*** Block opens ***

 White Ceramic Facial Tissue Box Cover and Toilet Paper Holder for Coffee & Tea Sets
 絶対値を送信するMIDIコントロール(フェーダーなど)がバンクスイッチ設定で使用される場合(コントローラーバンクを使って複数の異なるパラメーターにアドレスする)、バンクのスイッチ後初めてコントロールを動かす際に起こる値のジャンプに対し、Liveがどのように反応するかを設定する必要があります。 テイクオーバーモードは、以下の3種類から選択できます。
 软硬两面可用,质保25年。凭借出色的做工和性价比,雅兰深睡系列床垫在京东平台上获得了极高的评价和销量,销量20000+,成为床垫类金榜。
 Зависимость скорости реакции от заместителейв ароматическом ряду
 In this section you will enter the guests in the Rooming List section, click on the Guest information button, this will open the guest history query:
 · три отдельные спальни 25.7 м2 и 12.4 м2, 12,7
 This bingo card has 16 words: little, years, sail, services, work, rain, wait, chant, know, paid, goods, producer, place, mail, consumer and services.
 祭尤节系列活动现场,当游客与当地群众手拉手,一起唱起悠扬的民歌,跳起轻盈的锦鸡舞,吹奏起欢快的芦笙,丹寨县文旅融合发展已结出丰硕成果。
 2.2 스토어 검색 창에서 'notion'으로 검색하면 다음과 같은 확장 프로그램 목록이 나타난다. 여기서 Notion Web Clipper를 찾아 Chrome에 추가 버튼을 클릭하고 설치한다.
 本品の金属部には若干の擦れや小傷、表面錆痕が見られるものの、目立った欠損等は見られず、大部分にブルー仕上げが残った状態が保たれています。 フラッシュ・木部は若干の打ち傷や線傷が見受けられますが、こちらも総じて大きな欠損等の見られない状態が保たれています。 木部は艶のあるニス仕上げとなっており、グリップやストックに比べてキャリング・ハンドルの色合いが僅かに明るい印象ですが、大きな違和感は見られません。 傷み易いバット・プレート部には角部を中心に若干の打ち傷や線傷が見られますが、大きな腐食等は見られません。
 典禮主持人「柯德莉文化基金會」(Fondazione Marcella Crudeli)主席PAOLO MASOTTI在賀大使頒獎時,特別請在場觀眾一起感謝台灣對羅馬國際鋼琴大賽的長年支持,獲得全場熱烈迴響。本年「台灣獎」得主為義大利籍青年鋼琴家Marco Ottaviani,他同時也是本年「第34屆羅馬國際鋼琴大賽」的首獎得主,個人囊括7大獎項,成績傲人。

*** Block closes ***

(Work item): Look for "软硬两面可用,质保25年。凭" in the records. Write out its line and every later line through the end exactly, with nothing more.

(Result below):
 软硬两面可用,质保25年。凭借出色的做工和性价比,雅兰深睡系列床垫在京东平台上获得了极高的评价和销量,销量20000+,成为床垫类金榜。
 Зависимость скорости реакции от заместителейв ароматическом ряду
 In this section you will enter the guests in the Rooming List section, click on the Guest information button, this will open the guest history query:
 · три отдельные спальни 25.7 м2 и 12.4 м2, 12,7
 This bingo card has 16 words: little, years, sail, services, work, rain, wait, chant, know, paid, goods, producer, place, mail, consumer and services.
 祭尤节系列活动现场,当游客与当地群众手拉手,一起唱起悠扬的民歌,跳起轻盈的锦鸡舞,吹奏起欢快的芦笙,丹寨县文旅融合发展已结出丰硕成果。
 2.2 스토어 검색 창에서 'notion'으로 검색하면 다음과 같은 확장 프로그램 목록이 나타난다. 여기서 Notion Web Clipper를 찾아 Chrome에 추가 버튼을 클릭하고 설치한다.
 本品の金属部には若干の擦れや小傷、表面錆痕が見られるものの、目立った欠損等は見られず、大部分にブルー仕上げが残った状態が保たれています。 フラッシュ・木部は若干の打ち傷や線傷が見受けられますが、こちらも総じて大きな欠損等の見られない状態が保たれています。 木部は艶のあるニス仕上げとなっており、グリップやストックに比べてキャリング・ハンドルの色合いが僅かに明るい印象ですが、大きな違和感は見られません。 傷み易いバット・プレート部には角部を中心に若干の打ち傷や線傷が見られますが、大きな腐食等は見られません。
 典禮主持人「柯德莉文化基金會」(Fondazione Marcella Crudeli)主席PAOLO MASOTTI在賀大使頒獎時,特別請在場觀眾一起感謝台灣對羅馬國際鋼琴大賽的長年支持,獲得全場熱烈迴響。本年「台灣獎」得主為義大利籍青年鋼琴家Marco Ottaviani,他同時也是本年「第34屆羅馬國際鋼琴大賽」的首獎得主,個人囊括7大獎項,成績傲人。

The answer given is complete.